The Ancoats Hospital and Ardwick and Ancoats Dispensary (commonly known as Ancoats Hospital) was a large inner-city hospital located in Ancoats, to the north of the city centre of Manchester, England. It was built in 1875, replacing the Ardwick and Ancoats Dispensary that had existed since 1828. The building is now Grade II listed.

Contents

Background

The population of Ancoats had risen from almost nothing in the 1790s, when it was an outlying area of Manchester, to around 32,000 by the 1830s, driven by the process of industrialisation that caused Manchester to be described by many as the world's "first industrial city". [1] [2] [3] [4] [lower-alpha 1] By the 1830s, the population in the Ancoats area principally comprised Irish labourers and textile workers; [6] the area was heavily industrialised and one of the most densely populated suburbs of the city, [7] being "a mass of mean streets and courtyards zig-zagged amongst factories and canals." [8] Average life expectancy in Manchester as a whole was low, with that of a labourer in 1842 being 17 years. [3]

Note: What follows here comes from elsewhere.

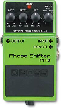 Phase Shifter Compact pedal with vintage BOSS phasing effects. New "Rise" and "Fall" effects create unidirectional phasing sounds. Includes classic 4-, 8-, 10-, and 12-stage phasers. Real-time control of rate via expression Pedal input. Tap tempo sync of phasing effects. "Rise" and "Fall" Effects In addition to standard up and down cycles, the new PH-3 Phase Shifter can produce entirely upward or downward moving sounds through its new Rise and Fall effects. There's also 4-, 8-, 10-, and 12-stage phasers, plus a Step effect. Total Control Syncing the PH-3's phasing effects can be achieved by simply tapping the pedal to the tempo desired. Or, for maximum control, connect an optional expression pedal to control both rate and filter in real time as you play.

The origins of English charitable movements for the operation of dispensaries and other types of establishment for treatment of illness, such as hospitals, lying-in facilities and lunatic asylums, can be traced to the Georgian era. The first dispensary had been established in London by John Lettsom in 1770. [lower-alpha 2] These charitable endeavours were referred to as "voluntary hospitals" and, according to medical historian Roy Porter, "... signal[led] a new recognition on the part of influential elites that the people's health mattered." [10] The specific purpose of dispensaries was to advise and treat poor people at their homes or as outpatients, relieving some of the burden on hospital facilities and minimising the possibility of epidemics that could arise if people with infectious diseases were admitted to hospitals as inpatients. Those who attended patients under the aegis of such organisations generally did so at no charge, although they might gain social prestige and clients as a result of their actions. [12] Similarly, those who donated or subscribed to the institutions generally gained access to networking opportunities, as well as a voice in the management of the charity and the right to refer patients to it. The opportunity to police morals was thus present: the worthy-but-poor sick might be favoured with dispensary care but the unworthy were condemned to the ravages of the workhouse; Kevin Siena notes, for example, that "This link between morality and charitable worthiness spelled bad news for syphilitics." [13]

Dispensary

Opened on 11 August 1828 on Great Ancoats Street, [7] the Ardwick and Ancoats Dispensary was a voluntary hospital largely funded by industry in the Ancoats area and by middle-class people living in nearby Ardwick. Roger Cooter and John Pickstone, both medical historians, note that,

The name gives the game away. The dispensary did not even claim to be an expression of "community" within Ancoats; rather it expressed a dependence. Ardwick ... was twinned in philanthropy with its poorer neighbour. The subscribers of Ardwick (and beyond), including those who owned factories and businesses in Ancoats, would fund a medical charity for the hand-loom weavers, the factory workers and the labourers of Ancoats. Ancoats was a "very dependent district", meaning, of course, that the surplus value created there was returned, in part, as the gift of those who lived elsewhere. [8]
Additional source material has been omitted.